Compound 4 (Vitamin E). Yellow viscous oil; EI-MS m/z (%): 430 (34, [M+]), 205 (8, C13H17O2), 165 (100, C10H13O2). Compound 4 was identified by comparison of its mass spectral data with that reported by Pereira et al. (2002).
Vitamin E (4) is a dietary anti-oxidant capable of eliminating free radical damage, inducing apoptosis and decreasing oncogene expression (Bermudez et al., 2007). Previous studies indicated that Vitamin E decrease the toxicity of chemotherapy without reducing its effectiveness (Lamson and Brignall, 1999; Drisko et al., 2003). Bermudez et al. (2007) suggested that Vitamin E might be an important protective agent against ovarian cancer cell growth as well as potentially effective therapeutic adjuvant. Structures of compounds 1-4 are shown in Fig. 2.

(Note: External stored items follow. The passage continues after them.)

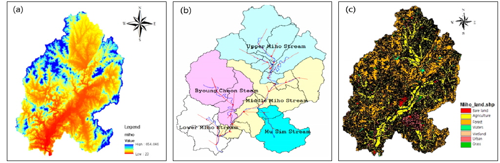 시스템(WAMIS)에서 제공되는 수치지형자료를 활용하여 WARMF에서 사용되는 방식으로 변환하여 사용하였다(Fig. 3(c))(Han River Flood Control Office, 2013). 기상데이터 구축을 위해 기상청에서 제공하는 청주측후소의 6가지(강수량, 최저기온, 최고기온, 이슬점 온도, 대기압, 평균풍속) 일별 기상자료를
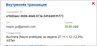 Memo : Выплата [Neyro prototype] за неделю 27.11-1.12 (12,0%) ASTek
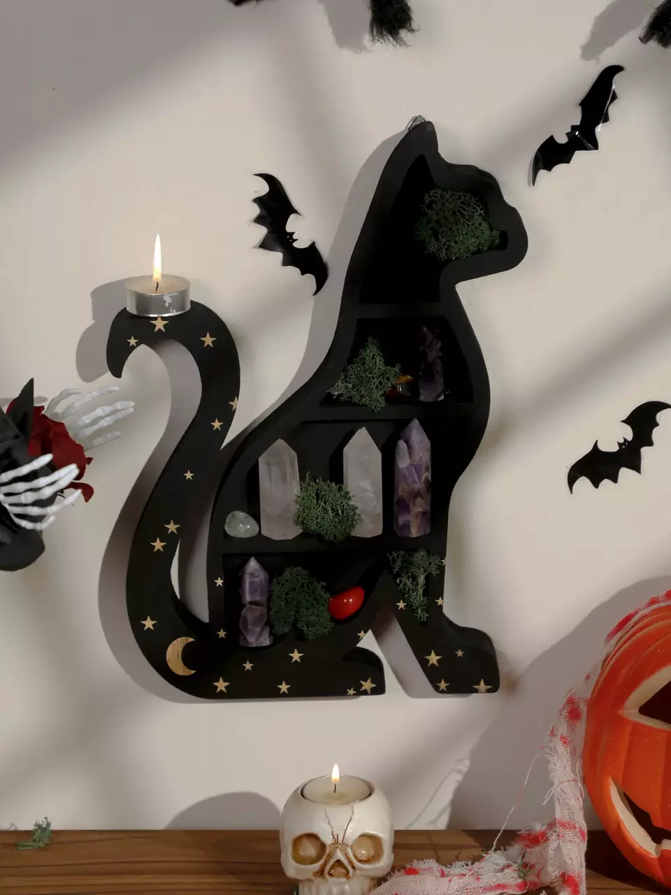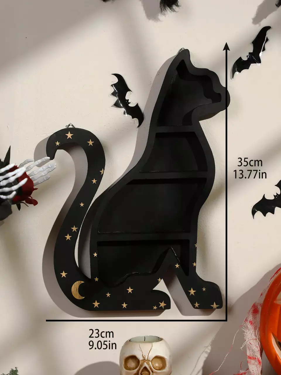 Полка настенная из дерева Кошка, полка деревянная для для украшений, черная со звездами, в размере 35×23см
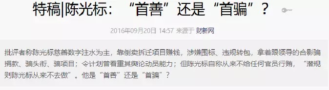 不曾想,2016年9月,陈光标却被《财新周刊》刊文曝出“慈善数字注水、靠倒卖拆迁项目赚钱,涉嫌围标、违规转包,拿着跟领导的合影骗捐款、骗头衔、骗项目……”为此,陈光标还专门召开了发布会。在现场,标哥没了公益的面具一脸怯意,曾经的得意满荡然无存。
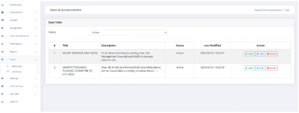 Smart Attendance available on web based

Fig. 2: | Chemical compounds isolated from the ethyl acetate fraction of Pereskia bleo |
CONCLUSIONS
Pereskia bleo, which was selected for the present study based on its traditional medicinal use, showed remarkable inhibitory activity against KB cells. The ethyl acetate fraction showed very good cytotoxic activity against the nasopharyngeal epidermoid carcinoma KB cells but however, a study on the mechanism of signal transduction such as cell cycle and cell death would provide a more convincing evidence. An investigation into this phenomena is now underway. In addition this fraction also showed no cytotoxicity against the normal cell line; if this also occurs in vivo, the use of this plant by locals for cancer treatment would have scientific support. Thus, Pereskia bleo could be further developed for use in the treatment of the nasopharyngeal epidermoid carcinoma. Studies on the effect of the isolated components (present in the ethyl acetate fraction) on KB cells are now underway. The resulting information will certainly contribute to a better understanding of the anti-carcinogenic activity of the natural constituents in Pereskia bleo.
ACKNOWLEDGMENT
This study was supported by a research fund from the University of Malaya (Vote F F0155/2005D) and the Ministry of Science, Technology and Innovation (MOSTI) (e-sciencefund 1202032026). We are also grateful to Prof A. Hamid A Hadi for use of his laboratory space.